Ingredients for the rub:
2 tablespoons mustard seed
2 tablespoons fennel seed
2 tablespoons cracked black peppercorns
1 tablespoon Grains of Paradise (See Note below)
3 tablespoons coarse sea salt
1 teaspoon hot pepper flakes
Ingredients for the kabobs:
2 pounds New York strip steak (each steak about 1-1/4 inches thick)
1 tablespoon extra virgin olive oil, for spraying or brushing
Make the rub: Heat a dry cast iron skillet over a medium flame. Add the mustard seeds, fennel seeds, peppercorns, and grains of paradise and cook until fragrant and lightly toasted, 1 to 3 minutes, stirring with a wooden spoon. Do not let burn. Transfer the spices to a heatproof bowl to cool.
Place the spices in spice grinder and coarse grind, running the machine in short bursts.
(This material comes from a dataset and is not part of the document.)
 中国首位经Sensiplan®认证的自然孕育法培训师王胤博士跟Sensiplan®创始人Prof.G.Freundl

Work in the salt, hot pepper, and cayenne. This will give you about 2/3 cup rub—more than you need for this recipe, but it’s easier to roast the spices in larger batches and the excess keeps well and is terrific to have on hand.
Cut the steaks into pieces about 2 inches wide and 4 inches long. Spray or brush the meat on all sides with the olive oil and generously season with the rub. Note: you may not need all the rub; any excess keeps well in the refrigerator. Skewer the steak pieces through the narrow end onto Homdoor skewers or shish kebab skewers.
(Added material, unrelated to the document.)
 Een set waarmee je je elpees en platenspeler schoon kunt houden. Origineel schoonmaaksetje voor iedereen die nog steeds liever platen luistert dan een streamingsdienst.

Preheat the Hōmdoor to 500 degrees F.
Place the steak in the Hōmdoor and cook until sizzling and browned on the outside, and cooked to taste, about 5 minutes for medium-rare.
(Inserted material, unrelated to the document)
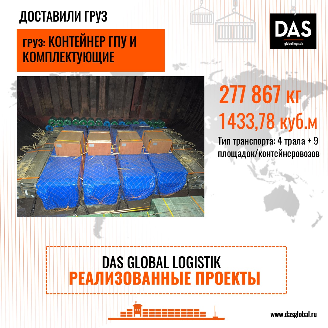 • Реализованные проекты: Грузоперевозка контейнера ГПУ и комплектующих

Equipment: Hōmdoor skewers
Grains of paradise (Aframomum melegueta) is a spice in ginger family native to West Africa. It looks like miniature black peppercorns, and tastes similar to black pepper but with a hint of pungent sweetness, like allspice. Available at specialty spice markets or on line at www.thespicehouse.com. If unavailable, you can approximate the flavor by combining 1 tablespoon cracked black peppercorns with 2 allspice berries or 1/4 teaspoon ground allspice.